2. Description of the Background Art
As one example of conventional semiconductor devices, a semiconductor device including an MOS transistor will be described with reference to the drawings. Referring to FIG. 47, a plurality of gate electrode portions 55 including a polycrystalline silicon film 55a, a tungsten silicide film 55b and a silicon oxide film 55c are formed on the surface of a silicon semiconductor substrate 51 with a gate insulating film 54 interposed therebetween. A pair of impurity diffusion layers 56a, 56b are formed at the surface of silicon semiconductor substrate 51 with one gate electrode portion 55 sandwiched therebetween. A pair of impurity diffusion layers 56c, 56d are formed at the surface of silicon semiconductor substrate 51 with another gate electrode portion 55 sandwiched therebetween. A sidewall insulating film 57 is formed on the both side surfaces of gate electrode portion 55. Gate electrode portion 55 and a pair of impurity diffusion layers 56a, 56b constitute one MOS transistor. Further, gate electrode portion 55 and a pair of impurity diffusion layers 56c, 56d constitute another MOS transistor. Gate electrode portion 55 of each MOS transistor serves as a first interconnection layer. MOS transistors are electrically insulated from one another by a separating oxide film 53 that is formed in an element separating trench 52 at the surface of silicon semiconductor substrate 51.

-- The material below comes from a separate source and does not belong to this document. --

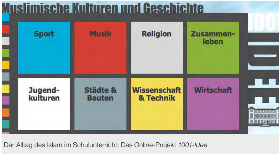
Der Alltag des Islam im Schulunterricht: Das Online-Projekt 1001-Idee

Treffen sich junge Paare in Istanbul eigentlich auch in Eiscafé? Und wie sieht es aus mit Sportvereinen in Ägypten? Die islamische Welt hat mehr zu bieten als Kopftuch und Koran. Und doch ist es bisweilen schwer, sich jenseits von Konflikten und Kriegen über den Alltag in islamischen Gesellschaften zu informieren. Das Online-Projekt 1001-Idee für den Unterricht über muslimische Kulturen und Geschichte(n) macht diesen Alltag für den Unterricht mit Schülern unterschiedlicher Altersstufen zugänglich. Fünfzehn Themenfelder werden dabei abgedeckt, neben Geschichte, Religion sowie Politik & Recht auch Film & Medien, Sport und Musik. Die Informationen können auf der Website des Projektes kostenlos heruntergeladen werden.
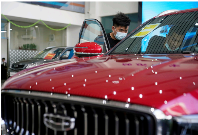
Made in China: Bei Elektroautos ist die heimische Marke Geely sehr begehrt

Da geht die harte Konkurrenz ganz so zu wie bei den Olympischen und Paralympischen Spielen, die in diesen Tagen noch das Straßenbild in Peking bestimmen – obwohl dort groß das Motto plakatiert ist: „Zusammen für eine gemeinsame Zukunft“.

A silicon oxide film 58 is formed on silicon semiconductor substrate 51 to cover gate electrode portion 55. On silicon oxide film 58, a silicon oxide film doped with boron and phosphorous, that is, a BPSG (Boro-Phospho-Silicate-Glass) film 59 is formed. A silicon oxide film 60 is formed on BPSG film 59. A plurality of second interconnection layers 62 including a polycrystalline silicon film 62a, a tungsten silicide film 62b and a silicon oxide film 62c are formed on silicon oxide film 60. One second interconnection layer 62 is electrically connected to gate electrode portion 55 as a first interconnection layer by a polycrystalline silicon film filled in contact hole 61a that is formed in BPSG film 59 and silicon oxide films 60, 58. Another second interconnection layer 62 is electrically connected to impurity diffusion layer 56b by a polycrystalline silicon film filled in a contact hole 61b that is formed in BPSG film 59 and silicon oxide films 60, 58. A silicon oxide film 63 is formed on silicon oxide film 60 to cover second interconnection layer 62. A BPSG film 64 is also formed on silicon oxide film 63. A plurality of third interconnection layers 67 are formed on BPSG film 64.

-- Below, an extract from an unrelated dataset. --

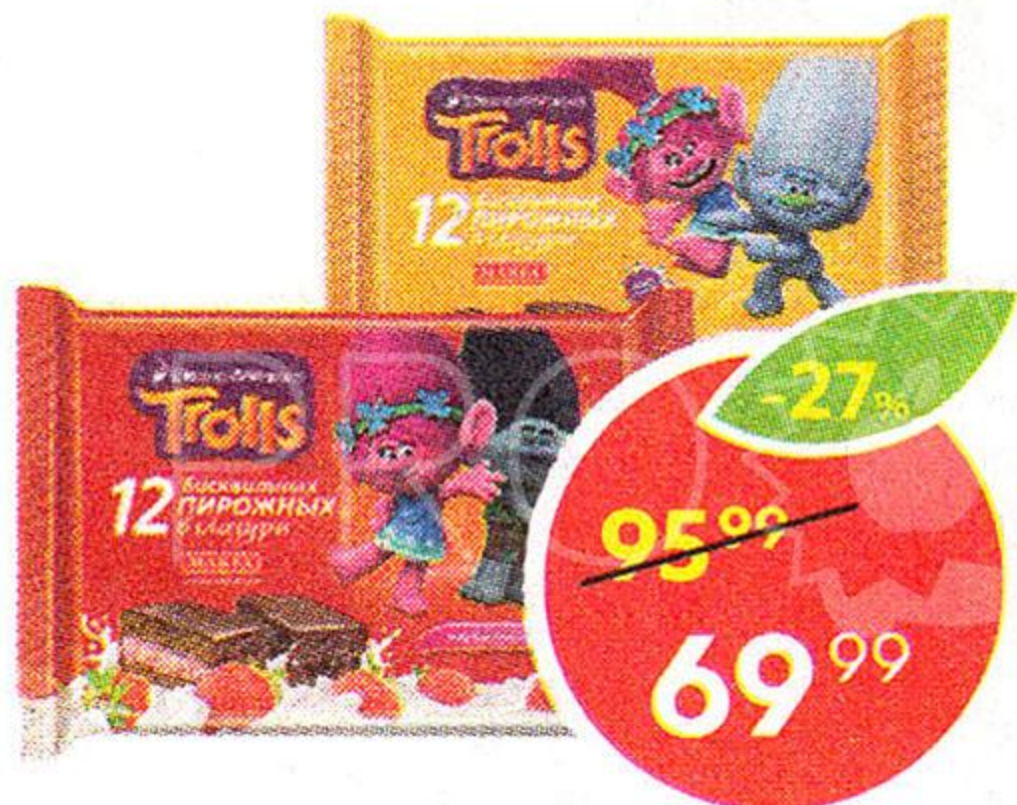
Пирожное Trolls, банановый десерт; клубничный мусс, Маффа, 216 г

Third interconnection layers 67 are electrically connected to gate electrode portion 55 and impurity diffusion layers 56c, 56d by plugs 66a, 66b, 66c e.g. of tungsten filled in contact holes 65a, 65b, 65c that are formed in BPSG films 59, 64 and silicon oxide films 63, 60, 58. Third interconnection layer 67 is also electrically connected to second interconnection layer 62 by a plug 66d filled in a contact hole 65d that is formed in BPSG film 64 and silicon oxide film 63. The conventional semiconductor device has such a configuration.

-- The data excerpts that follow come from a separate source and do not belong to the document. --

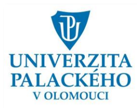
Obrázek 2 Logo Univerzity Palackého v Olomouci
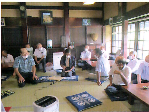
▲番所での研修風景

番所は標高1300m。この高地でないとミズミズしくはなりません。800mくらいの処で栽培したらパ
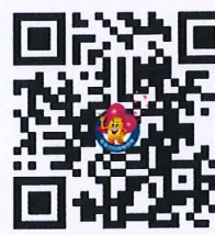
繼承案件地方稅 預約查欠

One example of the method of manufacturing the above described semiconductor device will be described in the following with reference to the drawings. Referring to FIG. 48, element separating trench 52 is formed at the surface of silicon semiconductor substrate 51 by prescribed photolithography and RIE (Reactive Ion Etching) methods. To fill element separating trench 52, a silicon oxide film (not shown) having a film thickness of approximately 300 to 800 nm is then formed on silicon semiconductor substrate 51 by the CVD method. The silicon oxide film is polished by the CMP (Chemical Mechanical Polishing) method to form separating oxide film 53 in element separating trench 52. Gate oxide film 54 having a film thickness of 5 to 15 nm is then formed on the surface of silicon semiconductor substrate 51 by the thermal oxidation method. On gate oxide film 54, a polycrystalline silicon film containing phosphorous or arsenic, a tungsten silicide film and a silicon oxide film (they are not shown) are formed. A plurality of gate electrode portions 55 as the first interconnection layers including polycrystalline silicon film 55a, tungsten silicide film 55b and silicon oxide film 55c are formed by the prescribed photolithography and RIE methods. By implanting an impurity of a prescribed conductive type into silicon semiconductor substrate 51 using gate electrode portion 55 as a mask, a region (not shown) of a comparatively low impurity concentration is formed.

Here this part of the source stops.